As the money tree doesn’t attract too many pests, it doesn’t succumb to a lot of diseases either. Root rot is one, which I talked about earlier.
The other three diseases are oedema, powdery mildew, and anthracnose leaf spot.
Oedema is caused by high levels of moisture and a lack of sunlight. The money tree could suffer from symptoms like wilting, drooping, foliage color changes, and leaf shedding.
The trademark of oedema is the appearance of corky areas across the money tree’s leaves.
The second disease that can afflict the money tree is powdery mildew.
This fungal disease leads to the development of white, fuzzy spots across the money tree’s foliage. The plant will also wilt and the leaves could curl.

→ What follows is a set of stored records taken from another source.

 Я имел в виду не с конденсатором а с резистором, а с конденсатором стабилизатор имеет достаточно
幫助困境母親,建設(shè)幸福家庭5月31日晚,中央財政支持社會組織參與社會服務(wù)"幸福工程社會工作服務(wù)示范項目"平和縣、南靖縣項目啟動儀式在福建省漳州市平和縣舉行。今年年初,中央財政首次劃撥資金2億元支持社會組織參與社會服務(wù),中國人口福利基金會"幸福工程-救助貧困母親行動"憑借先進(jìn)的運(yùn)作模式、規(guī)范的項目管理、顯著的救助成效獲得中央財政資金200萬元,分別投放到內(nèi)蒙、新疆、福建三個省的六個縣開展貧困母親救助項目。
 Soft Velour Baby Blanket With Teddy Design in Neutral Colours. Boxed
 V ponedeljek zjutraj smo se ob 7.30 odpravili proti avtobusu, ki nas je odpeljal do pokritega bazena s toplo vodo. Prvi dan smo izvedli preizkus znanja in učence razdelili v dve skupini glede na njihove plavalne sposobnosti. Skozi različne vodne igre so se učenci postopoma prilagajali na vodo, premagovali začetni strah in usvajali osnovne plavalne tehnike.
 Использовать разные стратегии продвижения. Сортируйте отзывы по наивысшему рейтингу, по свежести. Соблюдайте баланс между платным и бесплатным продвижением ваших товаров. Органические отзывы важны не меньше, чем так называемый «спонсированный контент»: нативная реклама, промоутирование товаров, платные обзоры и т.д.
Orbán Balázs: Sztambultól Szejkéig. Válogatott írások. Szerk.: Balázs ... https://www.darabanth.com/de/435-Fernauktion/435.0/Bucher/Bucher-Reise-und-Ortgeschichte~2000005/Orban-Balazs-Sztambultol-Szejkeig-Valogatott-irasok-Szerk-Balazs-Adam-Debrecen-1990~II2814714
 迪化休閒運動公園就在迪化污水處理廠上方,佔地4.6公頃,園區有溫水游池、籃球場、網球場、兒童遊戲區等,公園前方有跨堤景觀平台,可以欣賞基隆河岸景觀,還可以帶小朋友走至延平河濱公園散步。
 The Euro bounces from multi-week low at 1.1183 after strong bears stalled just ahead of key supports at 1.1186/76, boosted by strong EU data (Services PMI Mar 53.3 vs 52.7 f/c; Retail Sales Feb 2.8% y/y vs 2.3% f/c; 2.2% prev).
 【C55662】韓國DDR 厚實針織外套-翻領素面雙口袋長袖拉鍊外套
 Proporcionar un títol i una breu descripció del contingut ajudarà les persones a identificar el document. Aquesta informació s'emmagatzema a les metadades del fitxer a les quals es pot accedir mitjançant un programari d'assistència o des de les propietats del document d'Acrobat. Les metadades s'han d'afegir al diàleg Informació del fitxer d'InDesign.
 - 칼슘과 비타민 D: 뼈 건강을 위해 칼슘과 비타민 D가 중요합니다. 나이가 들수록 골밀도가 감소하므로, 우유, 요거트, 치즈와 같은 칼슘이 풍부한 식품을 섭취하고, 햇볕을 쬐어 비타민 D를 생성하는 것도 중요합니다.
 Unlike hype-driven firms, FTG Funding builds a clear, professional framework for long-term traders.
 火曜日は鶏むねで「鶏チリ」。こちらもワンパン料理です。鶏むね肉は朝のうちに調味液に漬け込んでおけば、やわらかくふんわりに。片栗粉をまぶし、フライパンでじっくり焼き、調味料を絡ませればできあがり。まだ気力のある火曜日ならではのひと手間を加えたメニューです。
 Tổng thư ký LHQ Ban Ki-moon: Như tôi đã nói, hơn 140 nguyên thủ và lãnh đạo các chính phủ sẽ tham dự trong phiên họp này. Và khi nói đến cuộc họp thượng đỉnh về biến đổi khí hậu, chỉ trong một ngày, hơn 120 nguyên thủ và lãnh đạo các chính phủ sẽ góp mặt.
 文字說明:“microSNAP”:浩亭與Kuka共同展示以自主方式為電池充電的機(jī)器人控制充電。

Finally, anthracnose leaf spot is not one but several fungal diseases that the money tree is especially likely to develop.
The leaf spots will start small and grow in size, eventually leading to foliar death.
What to Do About It: Quarantine and Treat Your Plant If Possible
If you suspect your money tree has anthracnose leaf spot, oedema, or powdery mildew, separate it from the rest of the plants in your indoor garden.
You can’t always treat plant diseases, but in some of these cases, it’s possible.
For instance, you can treat oedema if you improve money tree care. Avoid waterlogged soil and provide adequate lighting for the plant.
Controlling your watering habits will also prevent powdery mildew. You’ll have no choice but to prune the affected leaves in the meantime (and disinfect the cutting tools using bleach or rubbing alcohol).
To treat anthracnose leaf spot, prune dead foliage and apply a fungicidal spray.